Unions representing U.S. farmworkers, many of whom are immigrants and guest workers, escalated their push for safer working conditions during the pandemic with a lawsuit against Washington state.

The United Farm Workers and Familias Unidas por la Justicia accused regulators of failing to do enough to protect workers from exposure to the coronavirus contagion.

The complaint alleges that the state’s departments of Health and of Labor and Industries “have produced garbled, non-mandatory ‘Fact Sheets’ that have both grower and farmworker advocates confused, stuck in neutral and wasting precious time while increasing numbers of farmworkers labor and live in conditions that imperil their lives.”

The suit, filed Thursday morning in Skagit County Superior Court, seeks an injunction requiring the agencies to expedite and toughen their oversight through emergency rulemaking.

“We are aware of this issue and the office has been working with stakeholders on it before the suit was filed,” Gov.
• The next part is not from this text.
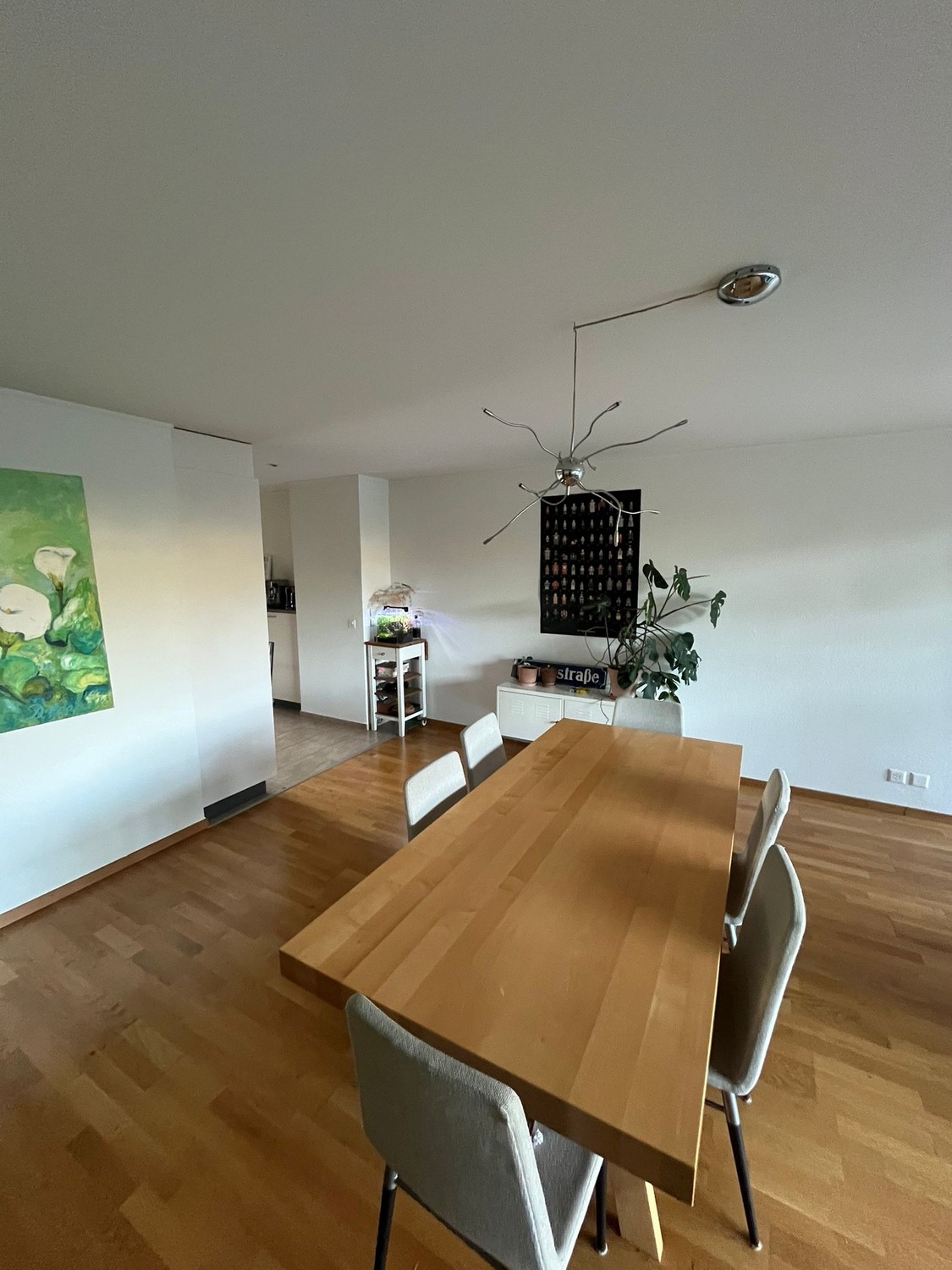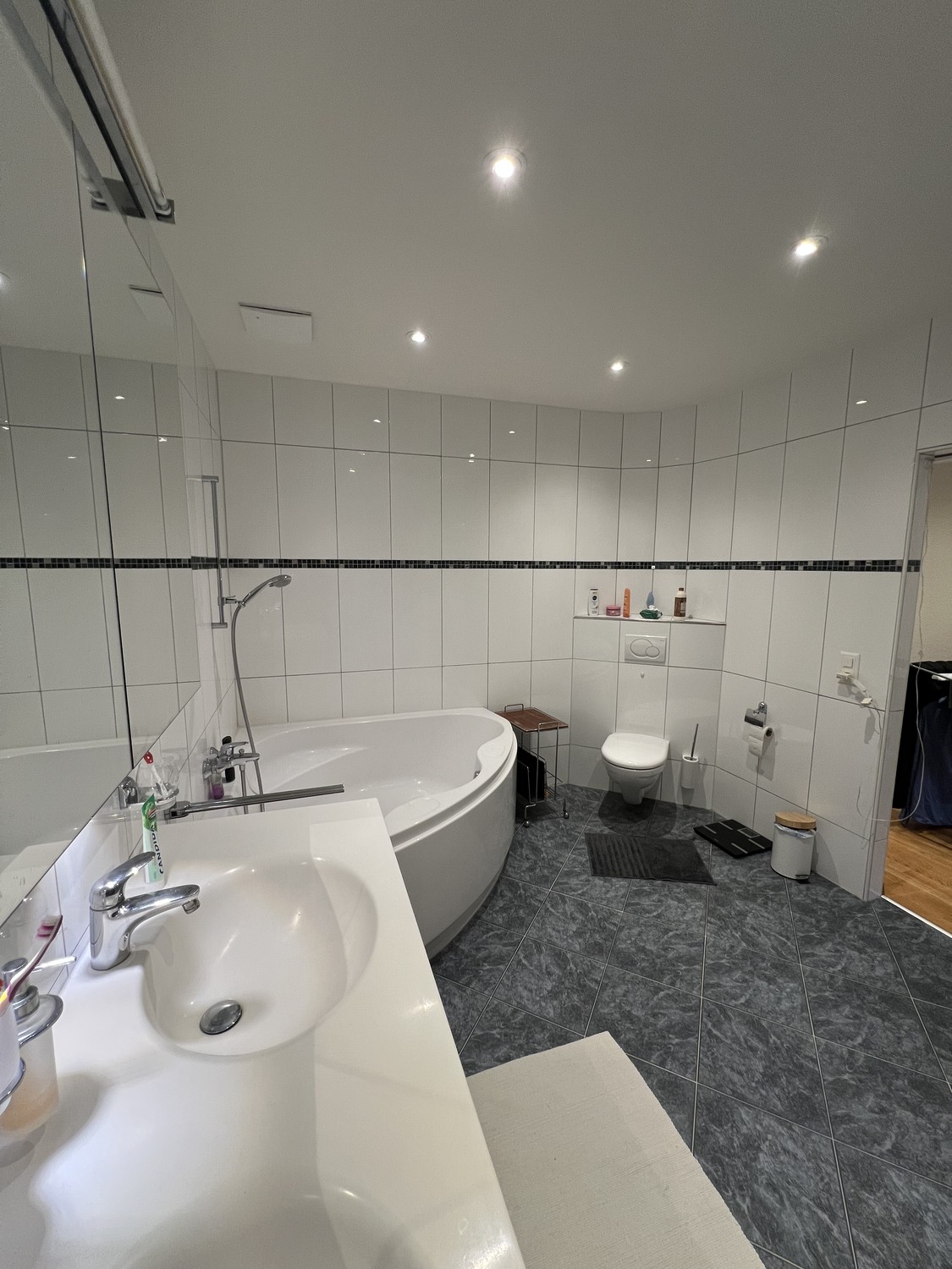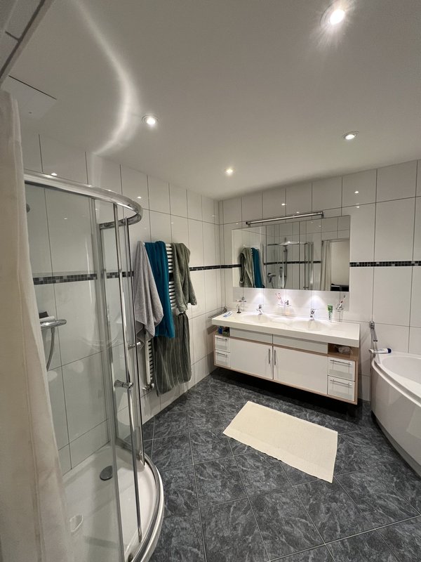 Die Wohnung ist ca. 145 m2 gross und verfügt über ein grosses Bad (inkl. Dusche und Badewanne), ein kleineres WC und eine Waschküche mit eigenem Waschturm. Die Küche ist mit Ofen, Steamer, Geschirrspüler, Kühlschrank und Weinkühlschrank ausgestattet. Im Garten haben wir einen Sitzplatz, Kohlegrill und ein Hochbeet zur gemeinsamen Nutzung aufgebaut.

Jay Inslee’s press secretary, Mike Faulk, said in an email. “Our efforts continue.”

Food producers from farms to processing plants are grappling with the need to keep people fed while safeguarding their workers. They also have to comply with broader containment efforts such as travel restrictions that squeeze the supply of migrant workers they count on. Washington is the top apple-producing state and a major supplier of staples including wheat, potatoes and dairy.
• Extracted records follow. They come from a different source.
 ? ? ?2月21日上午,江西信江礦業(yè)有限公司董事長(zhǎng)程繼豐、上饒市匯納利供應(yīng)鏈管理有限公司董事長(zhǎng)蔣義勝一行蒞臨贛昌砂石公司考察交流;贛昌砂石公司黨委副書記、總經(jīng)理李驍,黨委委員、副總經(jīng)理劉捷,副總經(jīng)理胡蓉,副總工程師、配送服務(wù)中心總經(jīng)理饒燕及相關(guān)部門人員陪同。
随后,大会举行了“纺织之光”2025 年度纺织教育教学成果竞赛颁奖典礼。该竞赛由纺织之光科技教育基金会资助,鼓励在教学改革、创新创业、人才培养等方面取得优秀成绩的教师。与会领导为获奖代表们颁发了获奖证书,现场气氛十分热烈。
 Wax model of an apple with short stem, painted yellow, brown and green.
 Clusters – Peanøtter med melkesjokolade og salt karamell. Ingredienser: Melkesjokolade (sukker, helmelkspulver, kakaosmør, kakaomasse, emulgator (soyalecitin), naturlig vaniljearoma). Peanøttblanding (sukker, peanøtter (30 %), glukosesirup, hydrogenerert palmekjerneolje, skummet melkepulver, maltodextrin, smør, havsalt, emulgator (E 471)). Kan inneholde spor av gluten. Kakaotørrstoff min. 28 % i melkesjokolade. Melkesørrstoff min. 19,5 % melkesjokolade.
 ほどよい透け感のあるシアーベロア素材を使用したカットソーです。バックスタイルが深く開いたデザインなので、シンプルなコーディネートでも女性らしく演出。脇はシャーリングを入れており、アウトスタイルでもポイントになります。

Advocates say agricultural employees are at particular risk during the pandemic because many stay in overcrowded temporary housing facilities and often don’t have access to adequate hand-washing facilities.

“Lack of enforceable rules regarding social distancing, protective face masks, access to soap and water, and to environmental cleaning allows conditions to continue in which virus can spread easily and quickly,” according to the complaint.

Washington’s health department faced criticism for issuing guidance last month that temporary worker housing facilities with a single room “should assign sick occupants to one side and occupants without symptoms to the opposite side.” The new lawsuit calls that guidance “egregiously dangerous” to farmworkers.